Saturday, October 8, 2016

Saratoga Arts and The Laffer Gallery: The Real Upstate New York



Not Bedford, not Poughkeepsie. People who really live UPstate want you to know that there’s beauty along with that deeper snow.  Drive up past Westchester or on through the Berkshires and along slower roads to Saratoga Springs, New York. There’s a lot going on. Step away from the great restaurants and boutiques and into some great art. 

The 30th Anniversary Invitational (through October 29,2016) at Saratoga Arts (tucked into the corner of Congress Park) is rewarding.  Well-known local artists who are participating include Katie DeGroot, Anne Diggory, Anne Francey, David Miller and Laura Van Rosk.  But I want to single out just one work.

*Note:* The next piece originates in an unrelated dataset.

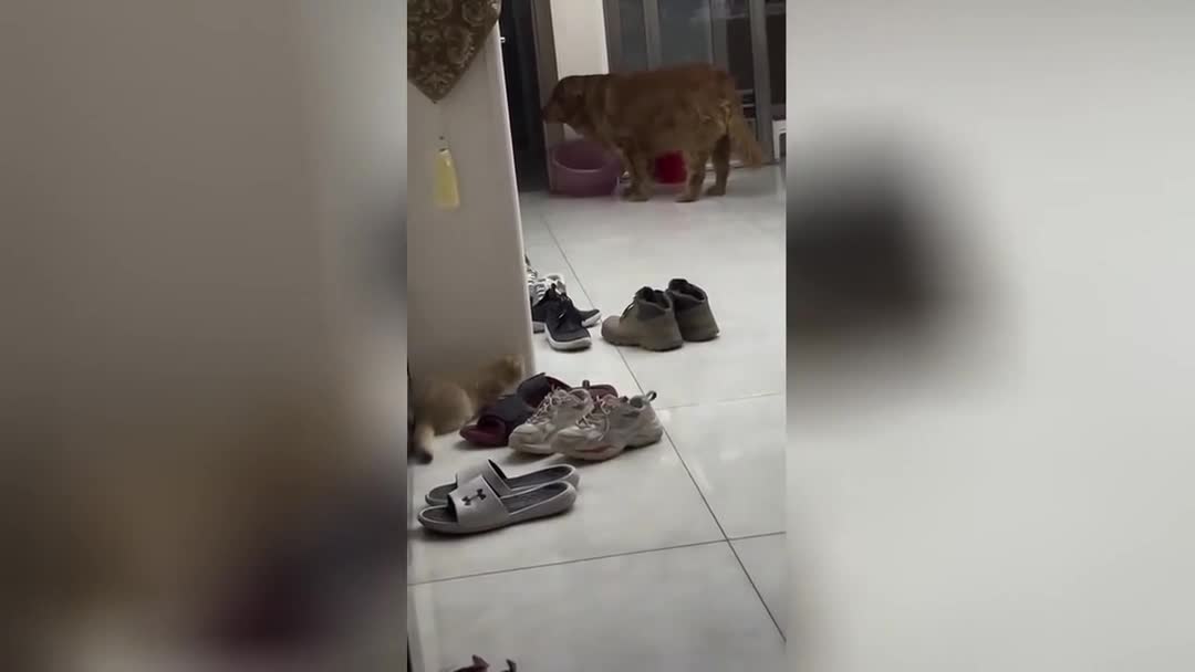 «Сюрприз!»: котёнок хотел напугать пса, но что-то пошло не так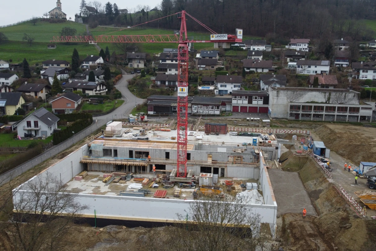 In Rüdlingen wird eine 2-Fach-Turnhalle in Hanglage gebaut. Unterhalb und neben dem Gebäude werden 800 Meter Kanalisation- und Meteorwasserleitungen verlegt und einbetoniert, wobei die Grabentiefen bis zu 3 Metern tief sind und gesprießt werden müssen. Die Turnhalle wird in Dichtigkeitsklasse DK 1 errichtet, um eine hohe Abdichtungsqualität zu gewährleisten.

The sculptor Beverley Mastrianni has created sculptures a person could walk through; one, on Skidmore College’s campus, offered the sounds of people speaking (insulting, as I remember!) as visitors walked through. Mastrianni is still working in three dimensions, but has also begun “painting and engraving through the paint into aluminum panels,” she says, and the new series suits her.  Here is  “Mountain Sketch #15” :


I have read the description of how she has worked this particular small wall piece,  but I remain mystified... and that’s a good thing.  Painted can diminish a mountain; Agnes Martin said of her attempts: “I used to paint mountains here in New Mexico and I thought my mountains looked like ant hills” (from “The Untroubled Mind”).  But Mastrianni’s mountain, while measurable in inches, looms large in the gallery. The sunlight’s etched reflection dazzles, just as it would in a distant vista. The combined textures and colors surprise and delight, and continue to pull the viewer in as s/he stands before this painting.  See the complete show... find your own favorite, and visit this artist’s website (beverleymastrianni.com).

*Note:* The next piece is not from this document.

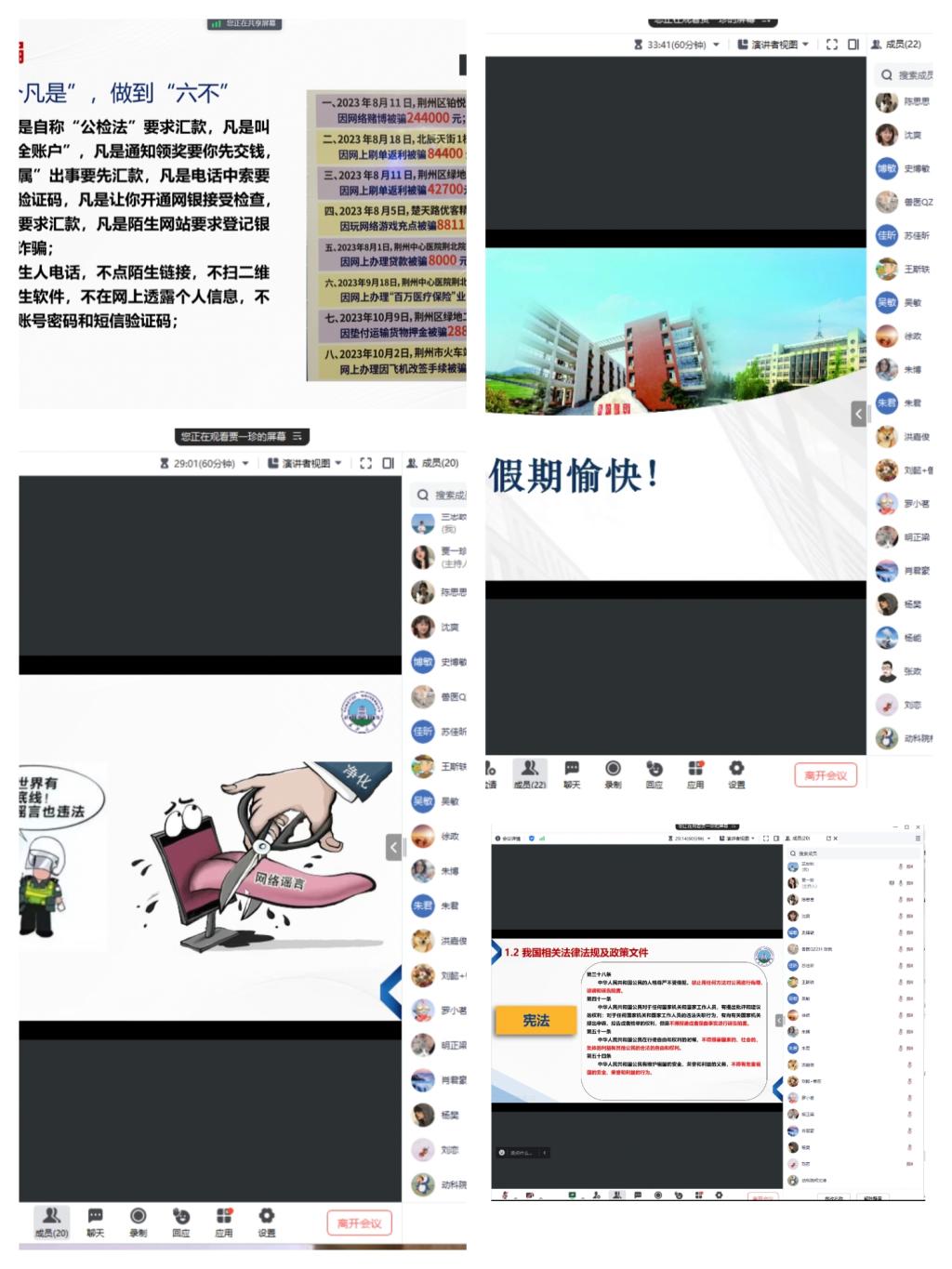 五一假期将至,为确保研究生度过一个安全、愉快的假期,按照研工部、公司部署,研究生以班级为单位通过线上线下相结合的方式开展了安全教育主题班会。 此次班会内容丰富,涉及交通安全、食品安全、网络安全等多个方面,通过案例分析和专家讲解视频,让同学们深刻认识到安全的重要性。研究生辅导员王婷特别强调了假期期间的安全注意事项,提醒同学们遵守法律法规,注意个人财物安全。 此次线上安全教育主题班会的开展,有效提升了同学们的安全意识和自我保护能力,为营造平安和谐的校园环境奠定了坚实基础。 (审核 苏应兵|编辑 罗婧雪 王婷)

Schuylerville, down the road a bit from Saratoga, might be best known as the site where General Burgoyne surrendered in 1777, a defining moment in the Revolutionary War. Schuylerville’s main street houses a few small businesses in lovely buildings; the Laffer Gallery is at 96 Broad Street (thelaffergallery.com).  Two artists here kept me walking back to their paintings to take another look: Leslie Peck and Teri Malo.

Leslie Peck’s still lifes are perfectly executed in flat strokes made of muted colors. In a different way than Cézanne’s, the objects float off the foundation tables and shelves and move forward, creating two planes (for me, anyway) on a single canvas.  What Peck does to pull the layers together is to add the color red. See “Martini Shaker and Frost”:


and detail:


The colors just keep coming forward and receding, in a kind of flow and rhythm that is unusual in a still life.  The frost outside is pushed far away, even though the whites and grays show up throughout the picture.  All that we see is warmth, and the textures of china and metal and tablecloth; yet, somehow, there is also air.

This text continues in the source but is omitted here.